Purposes of Foundations of Curriculum
According to Bishop (1985), the main purposes of foundations of curriculum are to:-
- Preserve Cultural Heritage
- Control Direction and Size of Education
- Assist in Designing Curriculum
- Use for Selecting Curriculum Aims, Goals and Objectives
- Use for Identify Curriculum Implementation Strategies
- Guide in the Development of Evaluation Instruments
- Used for identifying Innovation Needs
- Used for Cultivating Desired Attitudes, Knowledge and Skills
- Used in policy and Decision Making
Types of Foundations of Curriculum
Philosophical Foundation of Curriculum
- What is Philosophical Foundation of Curriculum?
- How does this foundation influence curriculum practice?
- In what way is philosophical foundation of curriculum the main curriculum source?
- What is the meaning of the following terms as used in philosophical foundation of curriculum: Realism, Pragmatism, Idealism, Existentialism, Axiology, Perennialism, Essentialism, Progressivism and Reconstructionalism?

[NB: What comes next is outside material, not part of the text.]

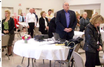
The Annual Meeting opens with the singing of "O Heavenly King."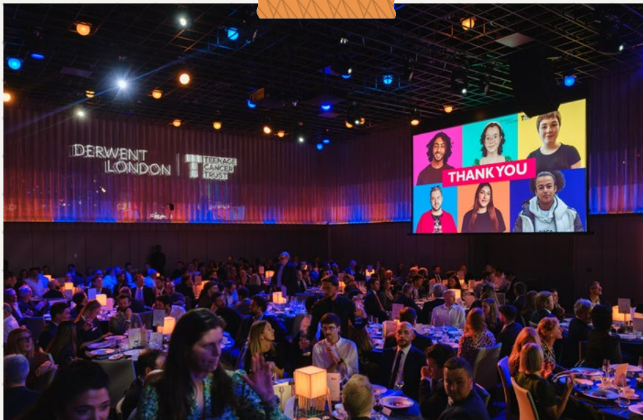
Teenage Cancer Trust Lunch 2025

How can schools promote the ideas of equality and Excellence at the same time?
Philosophical foundation of curriculum refers to the nature of man in respect to his policy to select, design and formulate objectives to develop and evaluate his objectives and evaluate his knowledge, attitudes and skills of man in decision making for situational, society’s and learning needs.
Man also derives his methods of presentation, expression, skills to develop and formation of desirable attitudes from philosophical foundation of curriculum.
Objectives of the lecture on philosophical foundation of curriculum are to:
- Identify major philosophies of education in ancient and modern periods
- Discuss how the major philosophies of education influence curriculum decision making
- Establish the fact that philosophical foundation of curriculum is the centre of all educational activities.
Decisions are made on: communities, societies and learner’s needs. Methods of presentation, skills to be developed and desirable attitudes to be formed, require correct decision making derived from philosophy and policy of a country.
Philosophy has entered into every sphere of decision making about curriculum and teaching. This view caters for approaches to:
- Formation of education purpose
- Selection of knowledge
- Organization of knowledge, attitudes and skills
- Formation of basic procedures in education and curriculum
- Selection of education resources such as personnel, materials and equipment
- Identification, selection and development of assessment instruments.
Identify areas in which philosophical foundation of curriculum has contributed to Kenyans Education systems since Independence
Tyler’s (1949) view of philosophy in relation to school purposes is based on five criteria for selecting educational purposes
We shall examine four major schools of philosophy, which have guided the writing, organizing and designing of school curriculum. Some of these philosophies are known by names. We shall refer to them as reconstructionism, progressivism, essentialism and perennialism. Reconstructionism is the most liberal of the four philosophies and prennialism as the most conservative. Most educational practitioners have used a combination of essentialism and progressivism in curriculum planning construction.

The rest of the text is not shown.